Nicene and Post-Nicene Fathers, Vol. IV:Early Church Fathers Index Previous Next
Writings in Connection with the Manichæan Controversy.: Chapter 1
Chapter 1.—How the Pretensions of the Manichæans are to Be Refuted. Two Manichæan Falsehoods.
1. Enough, probably, has been done in our other books 47 in the way of answering the ignorant and profane attacks which the Manichæans make on the law, which is called the Old Testament, in a spirit of vainglorious boasting, and with the approval of the uninstructed. Here, too, I may shortly touch upon the subject. For every one with average intelligence can easily see that the explanation of the Scriptures should be sought for from those who are the professed teachers of the Scriptures; and that it may happen, and indeed always happens, that many things seem absurd to the ignorant, which, when they are explained by the learned, appear all the more excellent, and are received in the explanation with the greater pleasure on account of the obstructions which made it difficult to reach the meaning. This commonly happens as regards the holy books of the Old Testament, if only the man who meets with difficulties applies to a pious teacher, and not to a profane critic, and if he begins his inquiries from a desire to find truth, and not in rash opposition. And should the inquirer meet with some, whether bishops or presbyters, or any officials or ministers of the Catholic Church, who either avoid in all cases opening up mysteries, or, content with simple faith, have no desire for more recondite knowledge, he must not despair of finding the knowledge of the truth in a case where neither are all able to teach to whom the inquiry is addressed, nor are all inquirers worthy of learning the truth. Diligence and piety are both necessary: on the one hand, we must have knowledge to find truth, and, on the other hand, we must deserve to get the knowledge.

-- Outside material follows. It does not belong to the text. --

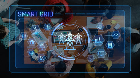 A modern workspace showcases a diverse team engaged in a strategic meeting. They discuss smart grid technology with digital interfaces, enhancing collaboration and innovation. Raster
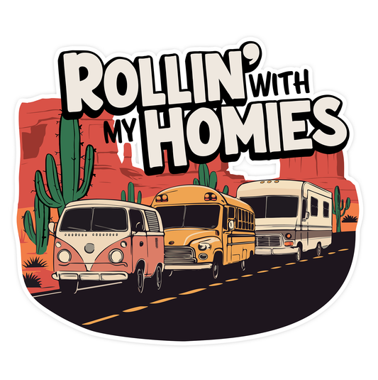 Rollin' With My Homies Van RV Caravan Sticker - Waterproof, Fade-Resistant Vanlife Nomad Retro Camper Decal Stickers

2. But as the Manichæans have two tricks for catching the unwary, so as to make them take them as teachers,—one, that of finding fault with the Scriptures, which they either misunderstand or wish to be misunderstood, the other, that of making a show of chastity and of notable abstinence,—this book shall p. 42 contain our doctrine of life and morals according to Catholic teaching, and will perhaps make it appear how easy it is to pretend to virtue, and how difficult to possess virtue. I will refrain, if I can, from attacking their weak points, which I know well, with the violence with which they attack what they know nothing of; for I wish them, if possible, to be cured rather than conquered. And I will quote such testimonies from the Scriptures as they are bound to believe, for they shall be from the New Testament; and even from this I will take none of the passages which the Manichæans when hard pressed are accustomed to call spurious, but passages which they are obliged to acknowledge and approve. And for every testimony from apostolic teaching I will bring a similar statement from the Old Testament, that if they ever become willing to wake up from their persistent dreams, and to rise towards the light of Christian faith, they may discover both how far from being Christian is the life which they profess, and how truly Christian is the Scripture which they cavil at.